Several parents die. The characters' lives are de-emotionalised, over-self-analysed. Things that should connect don't. And v.v.. Sex connects to unlikely things. There's a dissociation of inner and outer. Relationship have a therapist/patient tone.

They have trouble distinguishing between the real and the simulated, between reality and reality show, though the answer doesn't matter much to them. Some of the characters are lab-test subjects. Some live as if life was a double-blind trial, as if expressions of love might be placebos. Some live as if life was a psychology test where the subject's told a lie about the purpose of the test.

Other reviews

  • Chris Power (Marcus tends to set his stories an uncertain number of years in the future, ... In stylistic terms he has come a long way from the disturbing, almost alien syntax of his earlier books, The Age of Wire and String and Notable American Women, and his characters now feel less like malfunctioning allegories and more like flesh and bone. His narrators are often despairing, but their despair is edged with a bemused sense of the absurd. Those who work in tech or pharma, or some godawful combination of both, are complicit in their own debasement, and their narratives are equal parts critique and confession.)
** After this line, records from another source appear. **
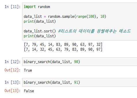 return binary_search(data[median:], search) #뒤쪽 리스트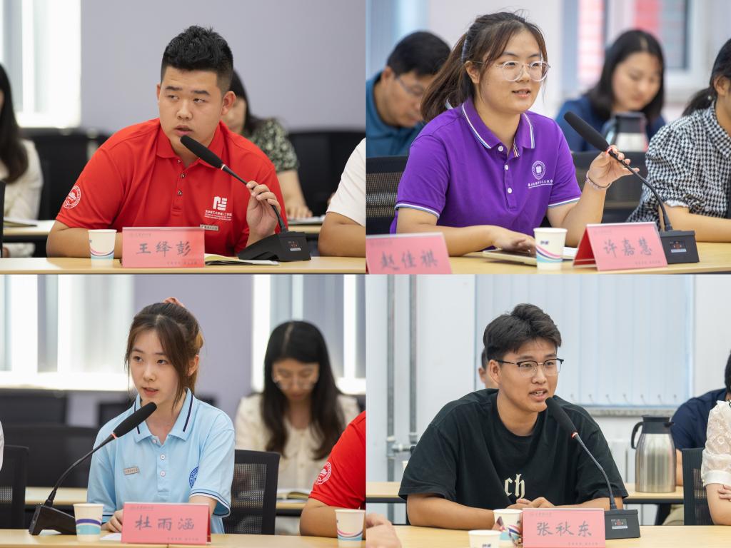校领导认真倾听每一位新生的发言,并围绕如何适应大学生活、做好学业规划、共促学校发展等话题与同学们进行互动交流。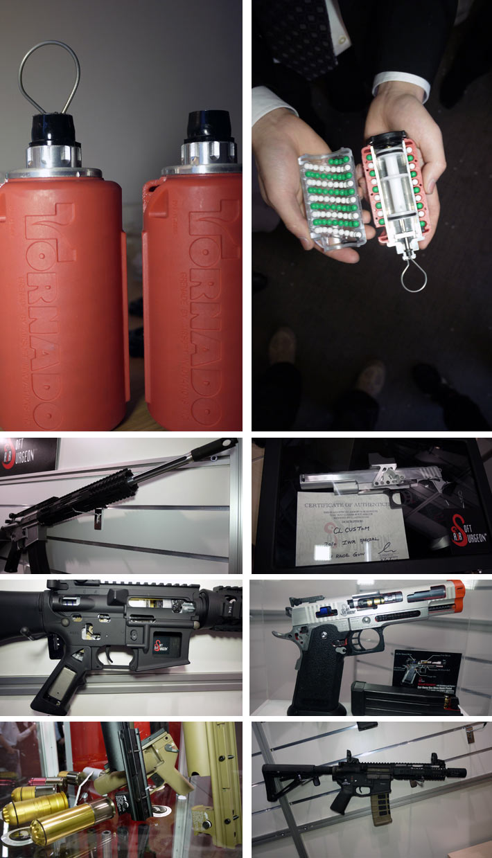 A big LCD screen was showing videos the whole time about the motion tracker. Once you were done watching the motion tracker video they had one new presentation waiting for you. Airsoft Innovations were right there and explaining their new Impact grenade. The walls and displays were stuffed with high end custom guns from Airsoft Surgeon and parts from Deepfire and Hurricane. All of these presented by true airsoft celebs.

  • Katie da Cunha Lewin (From the opening story, Marcus explores the problems of living among other people — scary, unpredictable, strange people — while trying to understand the rules of the game.)
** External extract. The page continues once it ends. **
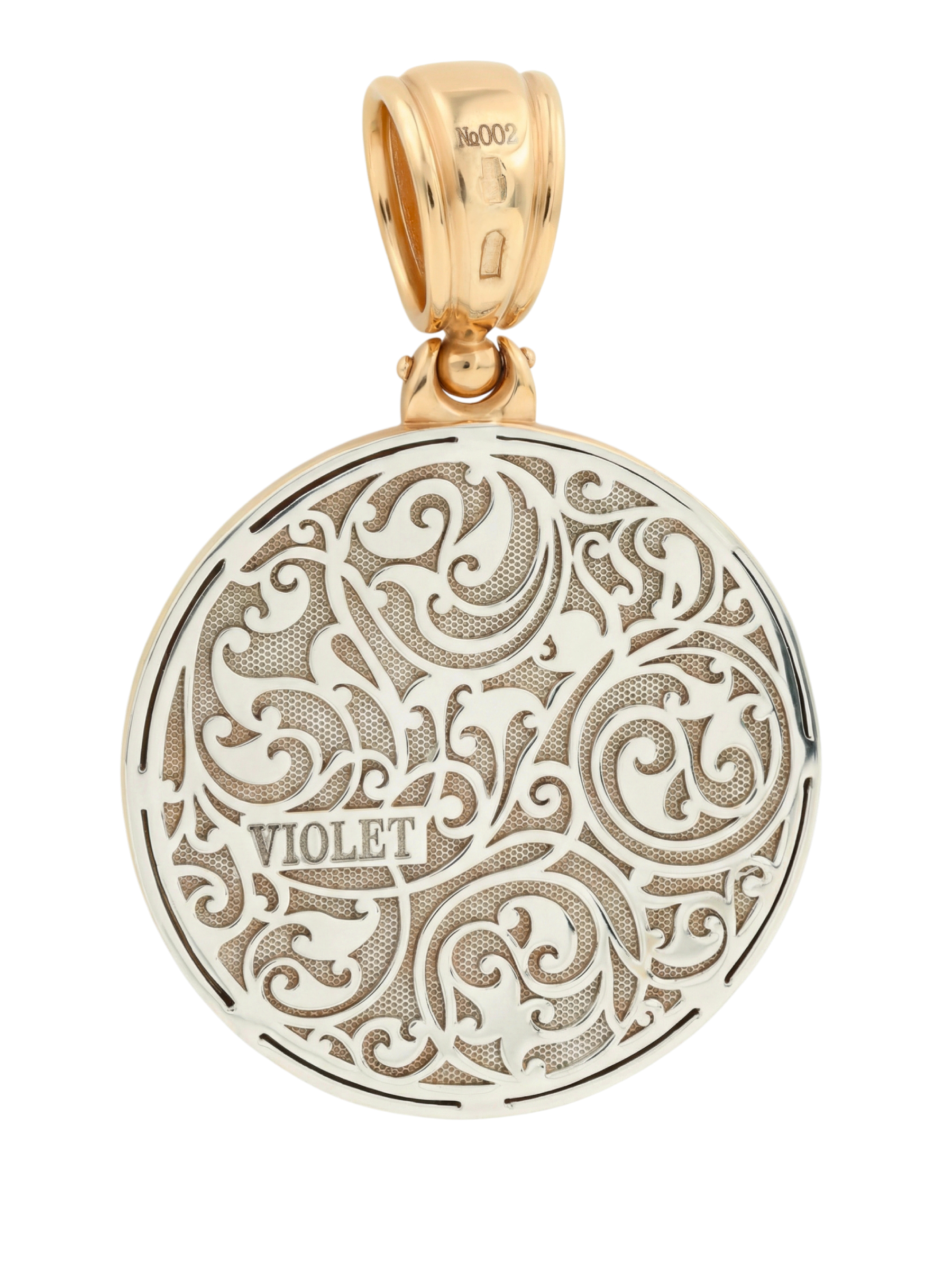 Основа украшения изготовлена из благородного красного золота 585 пробы, которое эффектно обрамляет центральный элемент. В качестве вставки использована яркая и стойкая разноцветная эмаль, создающая выразительный фон для основной фигуры. Тщательная проработка рельефа придает подвеске объем и делает ее важным акцентом любого образа.

  • Jeff Giles (He’s an engrossing, poetically surreal writer. He’s often woundingly funny. Still, the pages turn more heavily here than they did in his last two books)
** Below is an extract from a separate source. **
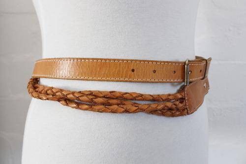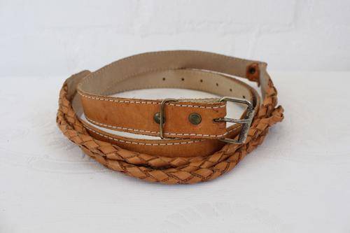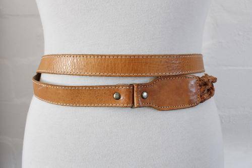 VINTAGE TAN BROWN GENUINE LEATHER WOVEN WRAP-AROUND BELT

  • Houman Barekat (Clustered together, however, the more scientifically themed stories become repetitious and lose some of their edge ... Of greater interest are a number of stories foregrounding personal relationships blighted by distance and disconnection, with protagonists adjusting to the absences left by bereavements, disappearances or plain old loss of interest. ... The social world appears in Notes from the Fog as a self-correcting ecosystem that is ultimately robust. It is bleak as hell, but people muddle through; life, after a fashion, goes on.)